• **What you need to do**
For the material below, the expected output is exactly the lines between the line holding "NWT Olive &" and the line holding "现病史:患者于入院前6个月无", inclusive, with pictures left out.

• **Stored data**
::::

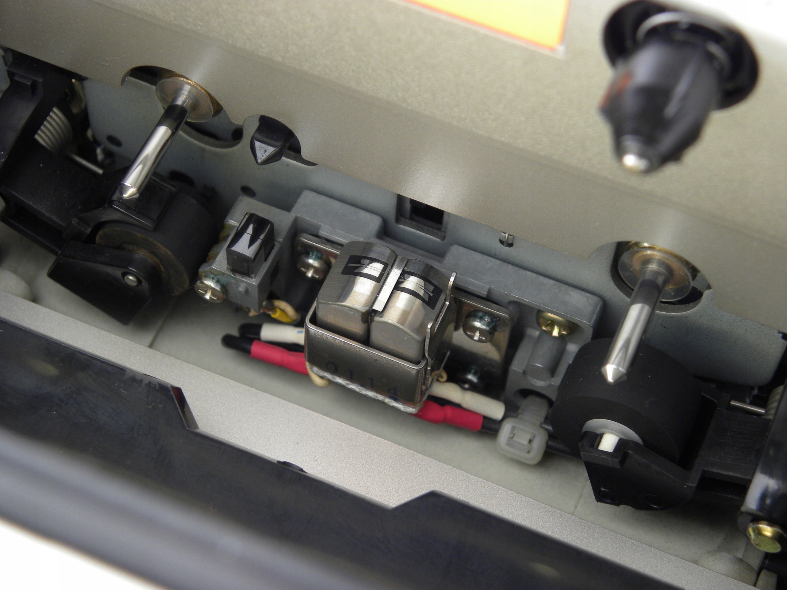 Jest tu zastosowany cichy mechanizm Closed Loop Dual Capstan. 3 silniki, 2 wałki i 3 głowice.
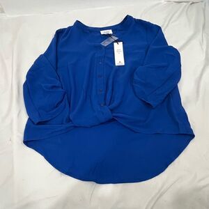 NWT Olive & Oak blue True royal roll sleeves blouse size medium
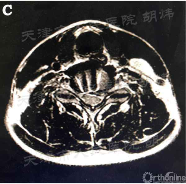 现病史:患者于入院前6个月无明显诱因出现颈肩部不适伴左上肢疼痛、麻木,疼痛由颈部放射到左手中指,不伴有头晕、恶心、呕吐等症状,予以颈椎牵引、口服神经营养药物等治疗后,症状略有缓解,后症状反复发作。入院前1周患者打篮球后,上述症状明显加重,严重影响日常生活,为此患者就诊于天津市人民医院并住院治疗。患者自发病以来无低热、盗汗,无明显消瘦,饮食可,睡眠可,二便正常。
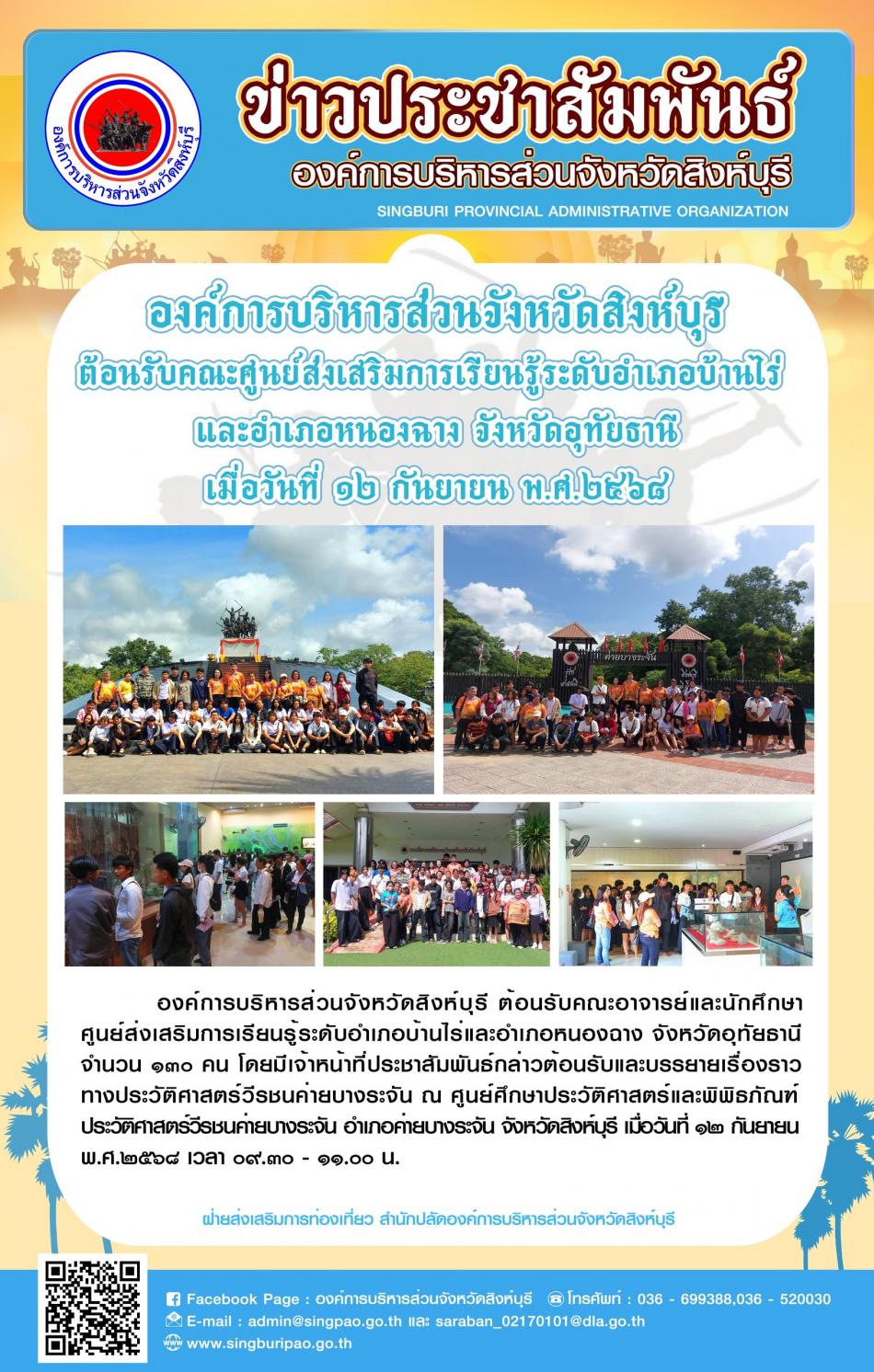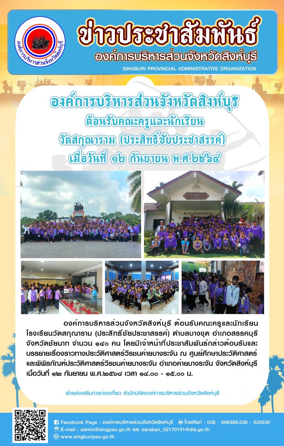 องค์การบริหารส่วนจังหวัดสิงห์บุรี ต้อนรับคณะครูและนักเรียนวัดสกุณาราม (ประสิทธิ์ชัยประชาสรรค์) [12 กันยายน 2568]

::::

• **Result of the exercise**
 NWT Olive & Oak blue True royal roll sleeves blouse size medium
 现病史:患者于入院前6个月无明显诱因出现颈肩部不适伴左上肢疼痛、麻木,疼痛由颈部放射到左手中指,不伴有头晕、恶心、呕吐等症状,予以颈椎牵引、口服神经营养药物等治疗后,症状略有缓解,后症状反复发作。入院前1周患者打篮球后,上述症状明显加重,严重影响日常生活,为此患者就诊于天津市人民医院并住院治疗。患者自发病以来无低热、盗汗,无明显消瘦,饮食可,睡眠可,二便正常。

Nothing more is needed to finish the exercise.